I rewrote my resume a few weeks ago. Not because anything on it was wrong, but because I wanted to tailor it for a specific type of role. In the past, that meant the usual ordeal: find the PDF, realize you can't edit a PDF, upload it to Google Drive, let it convert into a Google Doc that mangles your formatting, spend half an hour wrestling margins and bullet points back into place, add the new content, realize the spacing is off, fix it, export it back to a PDF, and hope nothing shifted in the conversion. Thirty minutes of friction for what amounts to moving a few sentences around.
This time I pasted the old resume into Claude, told it what I wanted to change, reviewed the output, made a couple of corrections, and was done in five minutes. The result was cleaner, better formatted, and more precisely targeted to the roles I was applying for than anything I would have produced wrestling with Google Docs.

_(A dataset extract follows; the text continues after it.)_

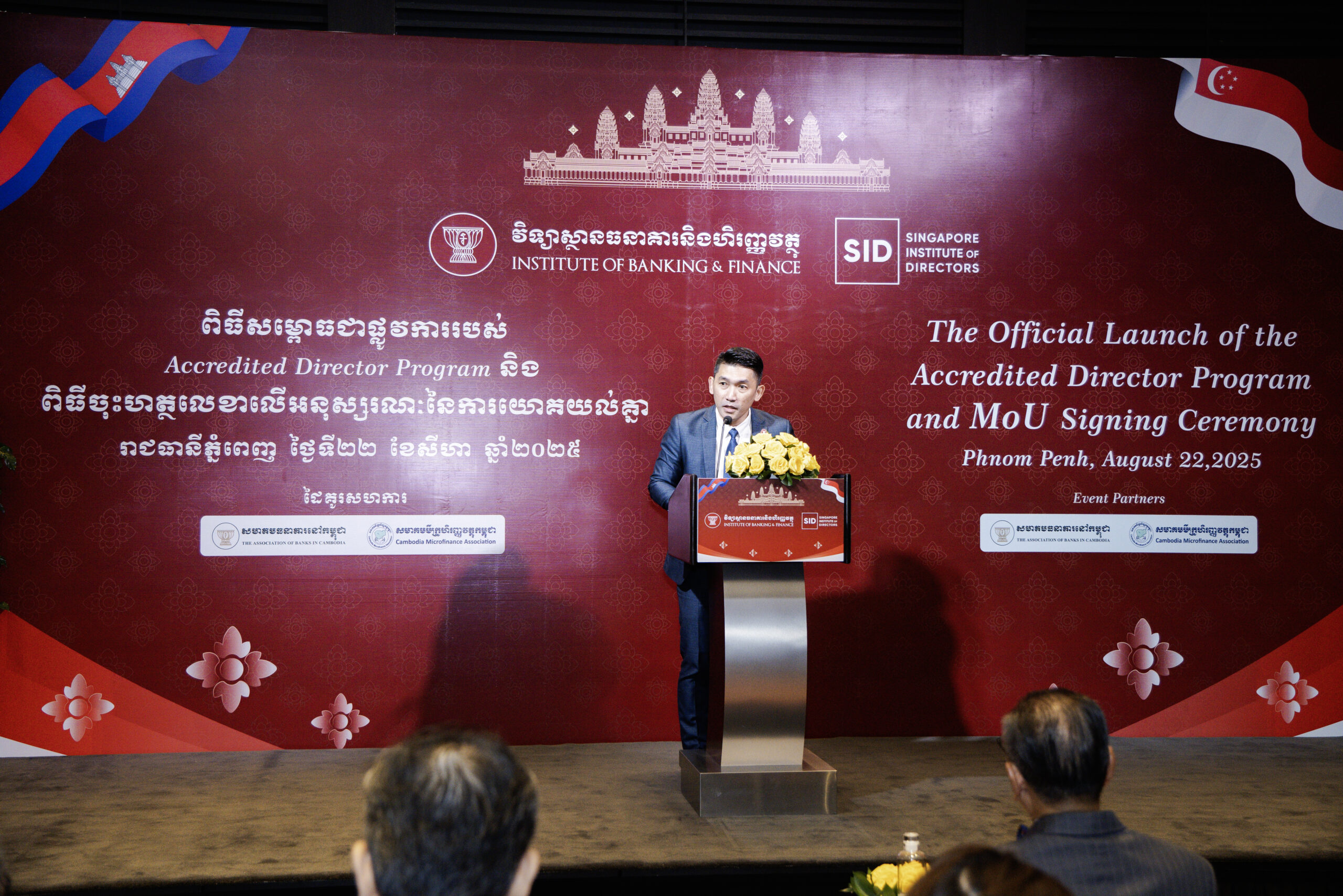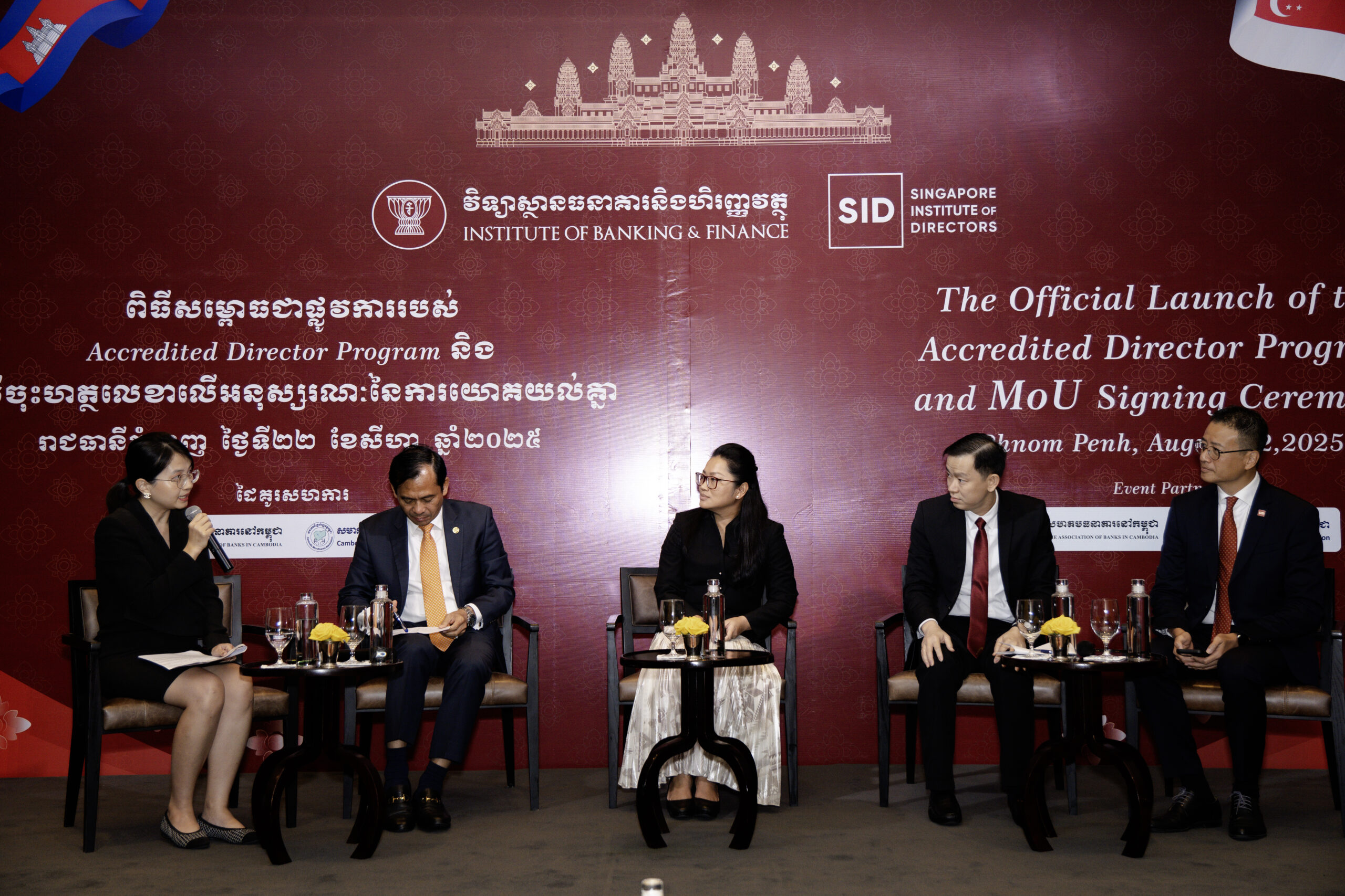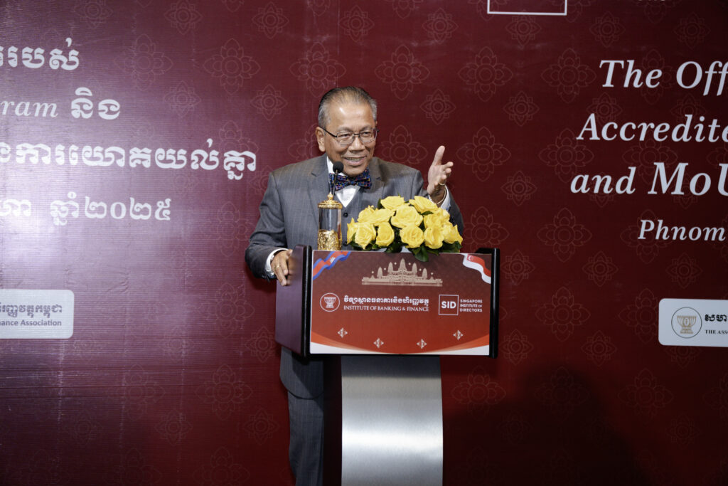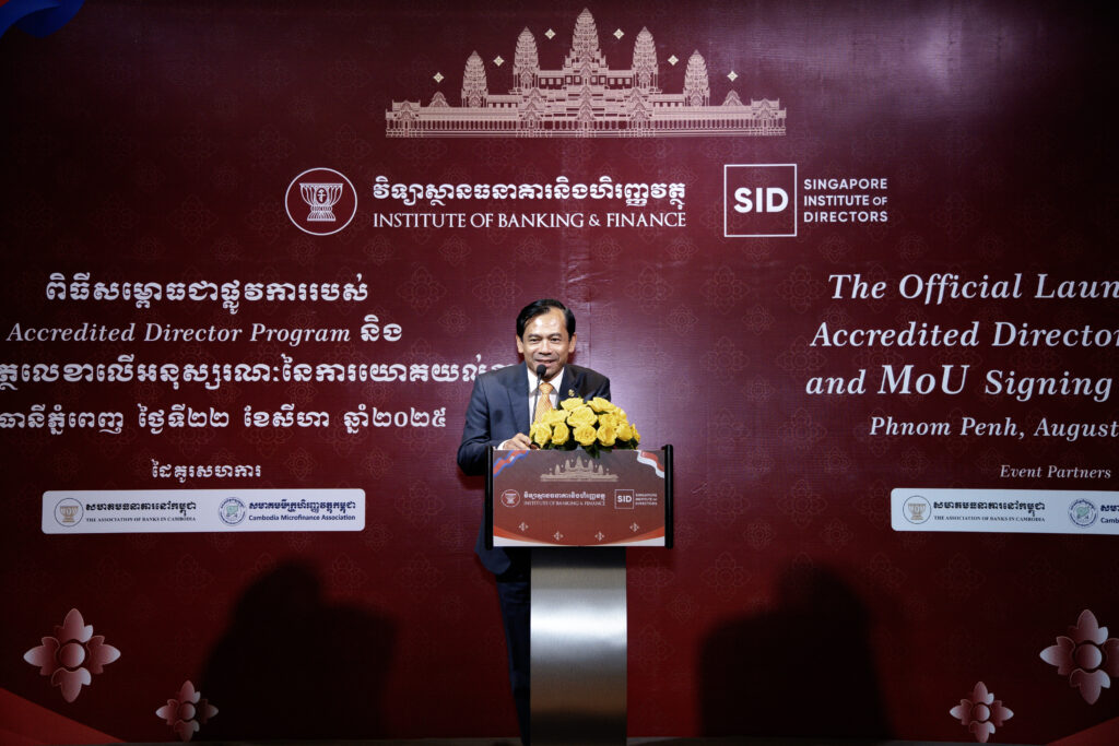 Phnom Penh, 22 August 2025 – The Institute of Banking and Finance (IBF) today marked a significant milestone in its commitment to professional excellence with the launch of its flagship Directorship Program and the signing of a pivotal Memorandum of Understanding (MoU) with the esteemed Singapore Institute of Directors (SID). The ceremony, held in Phnom Penh, signifies a powerful collaboration and a concerted effort to elevate corporate governance standards and cultivate a new generation of effective leaders within the Kingdom’s financial institutions.

And I thought: if I'm doing this, everyone is doing this. Not because I'm a trend forecaster. Because the tools are free, they're obvious, and the incentive is overwhelming. Which raises a question that doesn't have a comfortable answer: if the document that's supposed to represent you is now largely produced by a machine, what is it actually representing?
the arms race
The numbers bear it out. No single survey gives a clean percentage, but synthesizing recent data from Resume Genius, Insight Global, and others points to roughly 30 to 50 percent of applications being AI-assisted in some form, with the share almost certainly higher in tech and white-collar roles. Resume Genius found that 74 percent of hiring managers say they've encountered AI-generated content in applications. The tools are everywhere. The usage is not subtle.
But here's the other side: 97 percent of large companies, including nearly all of the Fortune 500, use applicant tracking systems to process incoming resumes. Industry estimates, many originating from ATS vendors like Jobscan, suggest that roughly 75 percent of resumes are filtered out before a human ever sees them. The exact number is hard to pin down independently, but the direction is not in dispute. The screening is automated. The writing is automated. By the time a human actually looks at a resume, most of the decisions have already been made by software.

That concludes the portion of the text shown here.